On social media, drinking beetroot juice, or ‘beet juice,’ has become popular for its potential links with enhancing energy levels, performance and recovery (as well as some questionable other claims) – is there any truth in this? Gill explains that beetroot is a rich source of nitrate and that some studies in athletes using beetroot juice in particular, “have shown performance improvements, such as muscular strength.”
Eating beetroot whole, rather than juicing will give you more fibre.
10. Peas
While strictly classed as a legume, green peas have been linked with various health benefits including cardiovascular health, Gill says. “They are both a good source of plant-based protein and fibres, such as resistant starch and pectin, and are naturally packed with flavonols, carotenoids, as well as vitamin C,” making them a wise, cheap and convenient freezer staple.
11. Iceberg lettuce, cucumber and celery
While there’s no such thing as an unhealthy vegetable, iceberg lettuce, cucumber and celery offer some of the least nutritional value in comparison to other veggies, according to Gill.
“These vegetables are low in calories and have a high water content but they contain less fibre, vitamins and minerals.” Iceberg lettuce is not as nutrient-dense as other leafy greens.

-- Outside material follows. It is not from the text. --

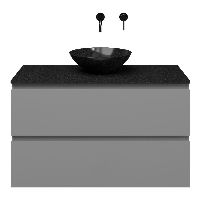 | | Bellanti Gisella/Lamina badmeubel 100x46cm 2 laden licht grijs greeploos met afdekblad 2cm dikte natuursteen shanxi black zonder kraangat - exclusief waskom : waskom naar keuze |

That’s not to say it can’t have a place in a balanced diet – no one can deny it’s a crisp addition to homemade tacos, but there are more healthful alternatives, like rocket or kale or spinach.

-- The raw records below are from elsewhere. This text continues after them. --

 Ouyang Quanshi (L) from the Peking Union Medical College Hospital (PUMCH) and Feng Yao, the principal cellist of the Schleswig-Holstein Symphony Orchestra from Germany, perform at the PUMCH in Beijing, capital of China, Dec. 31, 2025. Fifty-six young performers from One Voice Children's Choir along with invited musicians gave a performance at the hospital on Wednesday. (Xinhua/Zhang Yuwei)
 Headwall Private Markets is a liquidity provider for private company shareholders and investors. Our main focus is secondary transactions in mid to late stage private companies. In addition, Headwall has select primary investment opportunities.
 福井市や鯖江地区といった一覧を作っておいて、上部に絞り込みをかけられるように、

Crunchy veggies like celery and cucumber are other examples – though chomping on them is said to be great for your teeth, and there’s no question they serve as a healthier (and hydrating) snack over, say, crisps with hummus, or that they make a great base for your spag bol.
It’s just that, if these were the only vegetables you were eating in a day or week, you’ll likely be missing out on some important nutrients and vital sources of fibre, making it hard to meet your recommended 30g of fibre a day.